Болтая с Моникой, Фрэнсис (как она заявила) увидела, что Гагерн энергично машет ей рукой, подзывая к себе. А потом он услал ее куда-то с пустяковым поручением. Если бы не муж, видите ли, Фрэнсис болтала бы с Моникой до скончания века. А Гагерну нужно было, чтобы Моника осталась одна. Для чего? Чтобы можно было обманом заманить ее в другой павильон и через переговорную трубу плеснуть ей в лицо серной кислотой.

Последние слова, как понял сам Билл Картрайт, прозвучали довольно мрачно.

— А доказательства, сынок? — резко спросил Г.М.

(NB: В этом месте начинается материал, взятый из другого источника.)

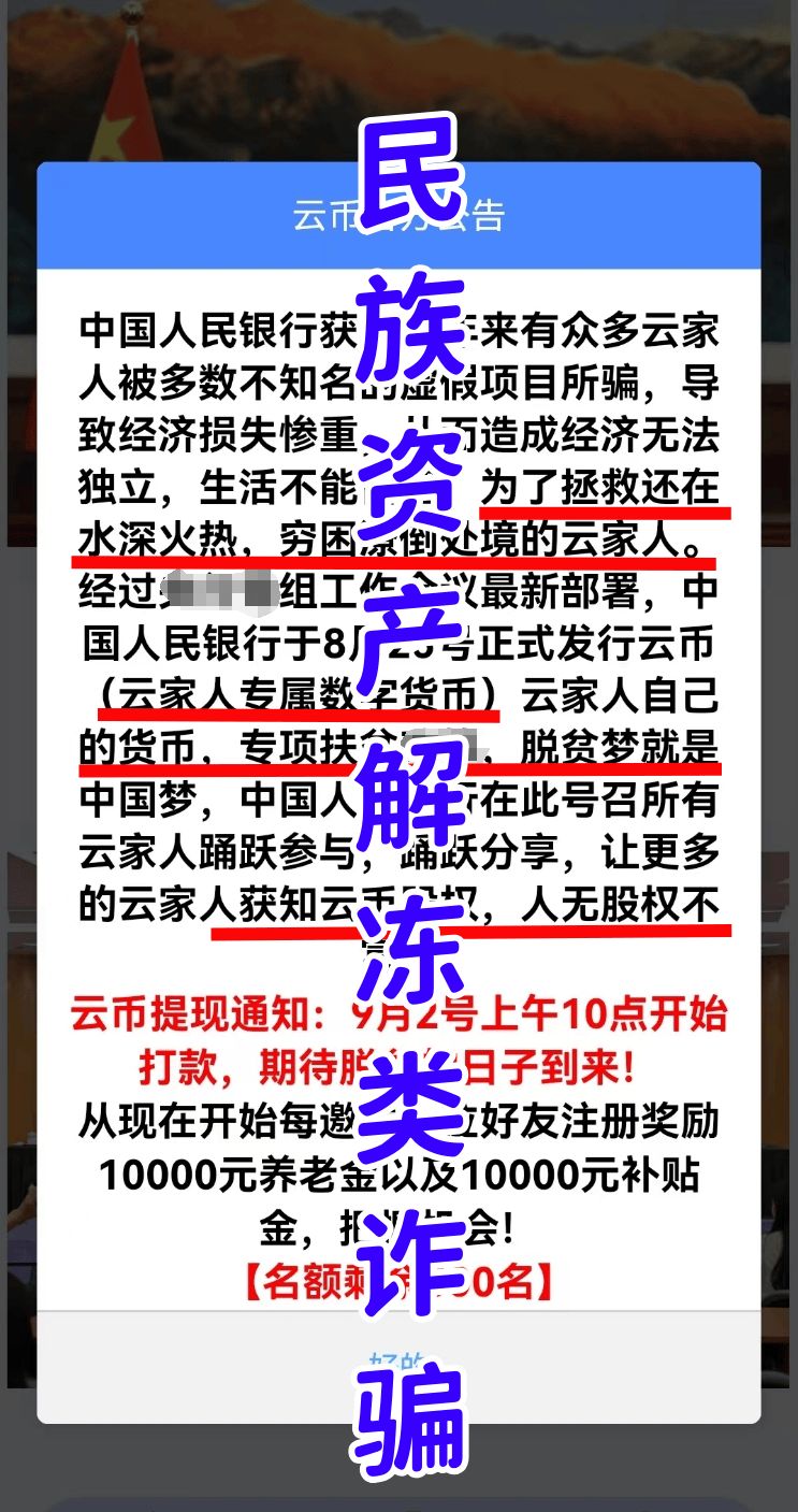 云幣APP:民族資產(chǎn)解凍類詐騙,不法分子冒充國家某部門的名義,打著扶貧、拯救“云家人”“追夢人”的旗號,虛假推出云幣數(shù)字貨幣類理財項目,實施詐騙活動。

— Их нет, сэр. И вот почему… После трюка с серной кислотой мы, все шестеро, — Гагерн, Ф.Ф., Говард Фиск, Том Хаккетт, Моника и я — собрались, чтобы обсудить происшествие и попытаться понять, кто же это сделал. Говард предложил всем вспомнить, где кто был в момент покушения.

— Алиби?

— Да. Том отчитался о своих передвижениях, хотя свидетелей у него не было. То же самое относится и к Говарду, который, по его словам, просто бродил по студии. Я рассказал, где находился. А Гагерн вдруг надулся и обиделся. Напыщенное ничтожество! Он заявил, что подозрения ему невыносимы, и он не может больше терпеть мою наглость и стремление совать нос не в свое дело. Он отказался что-либо говорить о себе, да и жене велел следовать своему примеру. Конечно, Ф.Ф. послушно его поддержала. В результате с тех пор я не могу вытянуть из нее ни слова…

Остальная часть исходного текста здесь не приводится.